BrowserOS handled this in the open-source spirit, disclosure, iteration, and a fixed release. The bigger takeaway remains: agentic AI browsing demands security boundaries that assume webpage content is hostile, and outputs that can trigger authorization must be treated as high risk by default.

Protections

Even with upstream fixes, enterprises should assume indirect prompt injection will recur across AI browsers and assistants. Defense-in-depth matters.

Network-Layer GenAI and MCP Controls

Enterprises can reduce risk by applying generative AI (genAI) security controls at the network layer through the Cato SASE Platform. These controls operate at the network layer and can apply to MCP-related traffic and AI tool activity across the enterprise.
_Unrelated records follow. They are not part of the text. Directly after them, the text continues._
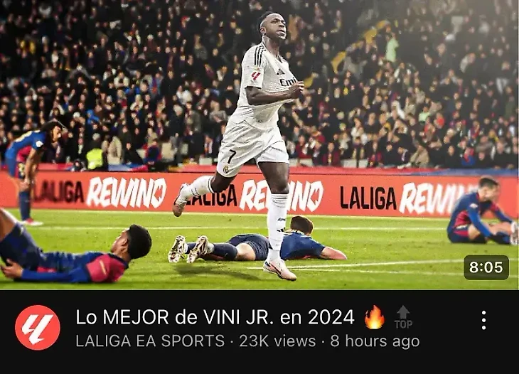 Однакотофициальный аккаунт Ла Лиги на Ютуб использовал эту же фотографию, заменив Серлота на Винисиуса Жуниора из «Реала», чтобы прорекламировать сборник хайлайтов с его участием.
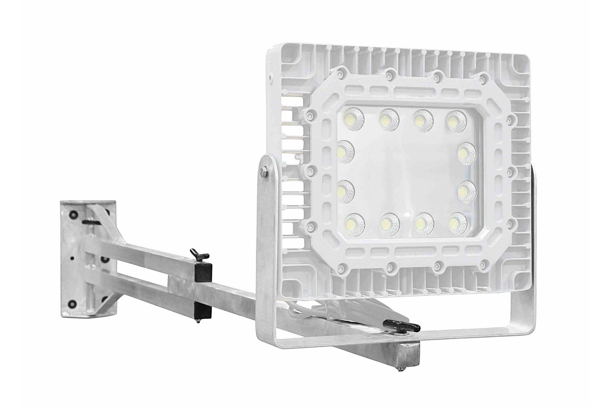 The SWAM-SBDL-36-EXPSW features an adjustable two-part swing arm constructed of light weight aluminum. The two piece arm design provides two pivot points, one at the mounting bracket and one in the center of the swing arm. The aluminum swing arm swings 170° from the mounting bracket point and 340° from the center pivot point, while a mounted light head is vertically adjustable up to 270°, providing full adjustability. This switch blade swing arm measures 36" long and can be mounted with the operator provided light head oriented on the top side or bottom side of the arm, allowing operators to illuminate objects in any location. This swing arm is ideal also for mounting the unit to loading door areas and docks for use as a loading bay or dock light.
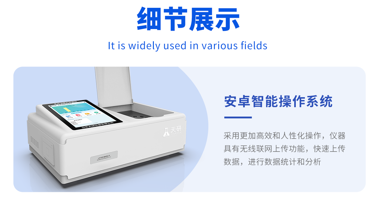 | 儀器采用臺式一體化系統(tǒng)檢測技術(shù),將分光光度模塊、新型農(nóng)殘檢測模塊、數(shù)字化管理模塊、無線通訊模塊高度集成于一體,支持檢測200種食品安全檢測項(xiàng)目,同時預(yù)留升級檢測方法。 | 儀器檢測模塊標(biāo)準(zhǔn)化、智能化,可隨意自由組合。檢測箱體內(nèi)置多個標(biāo)準(zhǔn)檢測單元,檢測模塊可以調(diào)整配置。 | 儀器采用全新安卓智能系統(tǒng),主控芯片采用 ARM Cortex-A7,RK3288/4核處理器,10.1寸高清液晶觸摸豎屏,更加**的UI交互界面,運(yùn)轉(zhuǎn)快捷;儀器配備無線通信模塊: 4G(APN)通訊模塊、Wifi模塊,藍(lán)牙傳輸,同時具有雙USB接口以及RJ45接口能以多種方式實(shí)現(xiàn)數(shù)據(jù)保存和數(shù)據(jù)傳輸功能。 | 創(chuàng)新檢測模式: | ★檢測通道:≥12通道;采用精密旋轉(zhuǎn)比色池設(shè)計,使用同芯片同光源校準(zhǔn)精度,解決不同光源之間的誤差值。1-12通道間誤差0.1%。(**號:ZL202022821055.2) | ★儀器具有自動識別比色皿檢測功能,即:將樣品比色皿放入儀器后,點(diǎn)擊樣品檢測,儀器自動識別比色皿進(jìn)行通道檢測。 | 進(jìn)口高精光源: | 高精度進(jìn)口四波長冷光源,通道配置 410、520、590、630nm 波長光源,一個光源芯片驅(qū)動一個光源,誤差極小,每臺設(shè)備單獨(dú)**校準(zhǔn)光源,**比對,同時參照四種不同波段光源全方位覆蓋市面上99%的農(nóng)殘食品項(xiàng)目檢測。 | 智能化操作系統(tǒng): | 便捷操作系統(tǒng):設(shè)備檢測時可在同一檢測界面自動對應(yīng)相關(guān)檢測通道一次性選擇1-12個樣品名稱,無須退出界面,節(jié)省操作時間。 | 數(shù)據(jù)集成系統(tǒng):設(shè)備首頁自動統(tǒng)計檢測數(shù)據(jù)包含:周檢測數(shù)據(jù)、月檢測數(shù)據(jù),全部檢測總數(shù)量,均包含檢測總數(shù),合格數(shù),不合格數(shù),以及相關(guān)柱形分析圖,對各項(xiàng)檢測數(shù)據(jù)清晰掌握,無需電腦查詢,更加快捷直觀。 | 項(xiàng)目預(yù)設(shè)系統(tǒng):支持添加單個及多個相同或不相同的任務(wù)預(yù)設(shè),一鍵快速調(diào)取,每一個任務(wù)分別可以設(shè)置不同的樣品、批次、編號、來源、備注、抽樣信息、檢測信息、受檢信息、復(fù)核信息等更多信息。無縫鏈接平臺和APP實(shí)時查看下發(fā)任務(wù)。 | 數(shù)據(jù)監(jiān)管系統(tǒng):同步對接監(jiān)管平臺,數(shù)據(jù)可局域網(wǎng)和互聯(lián)網(wǎng)數(shù)據(jù)上傳,檢測結(jié)果可選擇直接傳至食品安全監(jiān)管平臺。集成OSS輸出存儲服務(wù)、區(qū)分設(shè)備定向管理應(yīng)用,進(jìn)行區(qū)域食品安全監(jiān)管及大數(shù)據(jù)分析處理與數(shù)據(jù)統(tǒng)計,檢測區(qū)域食品安全長短期動態(tài),達(dá)到食品安全問題預(yù)估、預(yù)警。 | 自定義打印系統(tǒng):內(nèi)置全新打印系統(tǒng),新創(chuàng)自定義打印方式,可按需靈活設(shè)置開啟或關(guān)閉:產(chǎn)品合格證(國家農(nóng)業(yè)部標(biāo)準(zhǔn)要求),二維碼,抽樣信息、檢測信息,受檢信息、復(fù)核信息、抽樣日期、檢測日期等信息的打印。 | 系統(tǒng)遠(yuǎn)程更新功能:可定向分客戶分儀器更新系統(tǒng),按照不同客戶后期實(shí)際需求添加項(xiàng)目,無需機(jī)器返廠,即可遠(yuǎn)程實(shí)時升級全新系統(tǒng),節(jié)省時間成本及避免運(yùn)輸造成設(shè)備損壞。 | 儀器主機(jī)采用一體化防水、抗壓、防撞擊、防腐蝕箱體設(shè)計,同時配備交直流供電,可連接車載電源,可選配大容量充電鋰電池,滿足現(xiàn)場野外檢測需求。 | 安全證書,放心保障:儀器具有中國計量科學(xué)研究院校準(zhǔn)證書,**認(rèn)證。 |

With these capabilities, enterprises can define security rules that inspect and control AI tool activity.

Examples:

• Create policies that block or alert on high-risk remote tool calls (for example, create, add, edit).
• Enforce least privilege for AI-driven actions.
• Detect and alert on suspicious prompt usage in near real time.
• Maintain detailed audit logs of AI and MCP-related activity across the network.

By combining secure application configuration with network-layer genAI security controls, enterprises gain stronger protection against token theft, data exposure, and unauthorized AI tool execution.